Results are adjusted for age, sex, time of the day of measurement, education level, ethnicity, sports participation, screen time, hours of sleep and anxiety.

https://doi.org/10.1371/journal.pone.0138302.g002

Discussion

In this large community-based and overall healthy cohort of children aged 5–6 years, we found that decreased parasympathetic activity was associated with a less favorable metabolic profile, mainly driven by adverse associations with higher WHtR and SBP. Our observations are in line with comparable observations made in adults[8,9]. Therefore, our findings suggest that a decreased parasympathetic activity in association with a more pronounced metabolic profile is already determined from early childhood on.

An increase in HR and a decrease in RSA were associated with increased WHtR, SBP, and the sum of the separate metabolic components. These results are comparable to those of Zhou et al. who measured components of the metabolic syndrome in a selected group of 180 Chinese children[17]; they found a decrease in several measures of HRV with an increasing number of metabolic risk factors. In accordance with our study, HRV measures that reflected parasympathetic activity were significantly associated with the amount of fat (such as waist circumference and BMI) and SBP[17]. Others who compared obese vs. non-obese children also found decreased parasympathetic activity and increased HR in obese children[18,19,21,25].

So far most studies in children used the ratio between low frequency domain (LF) and high frequency domain (HF) indices of HRV as a reflection of ANS (or sympathicovagal) balance. Most studies found an increased LF/HF ratio in obese children[19,21,25] or a positive association with BMI[20] or fat percentage[22], whereas some did not confirm this finding[17]. Our observations (including measurement of HR, PEP CAB and CoAR) suggest that this shift in ANS balance at a young age is more a result of decreased parasympathetic activity rather than of increased sympathetic activity.

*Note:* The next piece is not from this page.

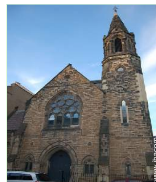
ehem. Kapelle mit Charme

It is established that increased sympathetic activity is closely associated with SBP in both childhood[17] and adulthood [8,14] as also shown by the positive association between PEP and SBP in our study. We found no association between PEP and any of the other metabolic components, which is in line with a previous observation by Yakinci et al. who found no difference in sympathetic activity (with use of orthostatic testing) and observed reduced parasympathetic activity in a clinical study comparing 33 obese and 30 non-obese children.[23]. In adults, most studies have also reported significant associations between increased sympathetic activity and metabolic aberrations[7,8,10], This may suggest a shift towards increased sympathetic dominance with advancing age. The mechanisms linking metabolic function with ANS activation are complex and the cause-effect relationships are still not completely understood. However, it is suggested that reduced parasympathetic activity and increased sympathetic activity predict weight gain and obesity. Graziano et al. followed 268 children from age 5.5. years to 10.5 years and found increased weight gain and increased risk of overweight at age 10.5 years in children with lower RSA at age 5.5 years[25]. Reduced vagal tone is associated with more increase in visceral fat and increased inflammatory response[11]. At adult age, decreased parasympathetic activity and increased sympathetic activity are strong predictors for type II diabetes[7,15,16] and hypertension[10,14]; in addition, various studies in animals and human adults showed that vagal stimulation had a positive effect on satiety and food intake[10,41]. These results argue for a role of disturbed ANS in the etiology of obesity, metabolic disturbances and hypertension. Additionally, visceral fat secretes hormone like components, such as free fatty acids and adipokines, like leptin, causing insulin resistance, and all are able to increase sympathetic activity[7,10,12]. Against this background, we hypothesize that parasympathetic activity is more prominent as a metabolic actor in metabolism at a healthy young age and that, along with ageing, visceral fat accumulates and hepatic insulin resistance increases with a subsequent change towards a more sympathetic dominance. Hence, a vicious circle is established and our results suggest that this might start early in life.

Strengths and limitations

It should be noted that our included children were relatively healthy, as only 10% of our young population fits into the definition of childhood overweight (including obesity) and only 5.6% had an adverse clustering of the metabolic profile. Moreover, we measured our children during resting conditions and several studies indicate that ANS dysregulation becomes more apparent specifically during stress or a metabolic challenge[1,13,25]. Therefore, it would be valuable to investigate different patterns of ANS reactivity in relation to the child’s metabolic profile to gain more knowledge about early aberrations. Due to the cross-sectional design of the present study no causality can be shown and the results should be interpreted with some caution. A major strength of our study is the large sample size, a community-based sample and the combination of multiple ANS measures. Because our ANS measurements were taken outside the laboratory environment, we were able to include a large number of subjects. RSA is considered a reliable estimate for indicating parasympathetic activity as it rules out variability in HR due to respiratory influences[42] which are not induced by vagal activity. Especially in children, other time domain measures like RMSSD or SDNN or frequency domain measures, like LF and HF, could be biased by variations in respirations which are difficult to standardise. PEP is a valid marker of sympathetic activity, often used in adult populations but also in pediatric populations[42,43]. It is known that stability in PEP, HR and RSA is moderate to high, implying that it can be used to detect real differences in children[44]. Measurements in our children during both lying and sitting positions showed high correlations, indicating a high level of short-term stability.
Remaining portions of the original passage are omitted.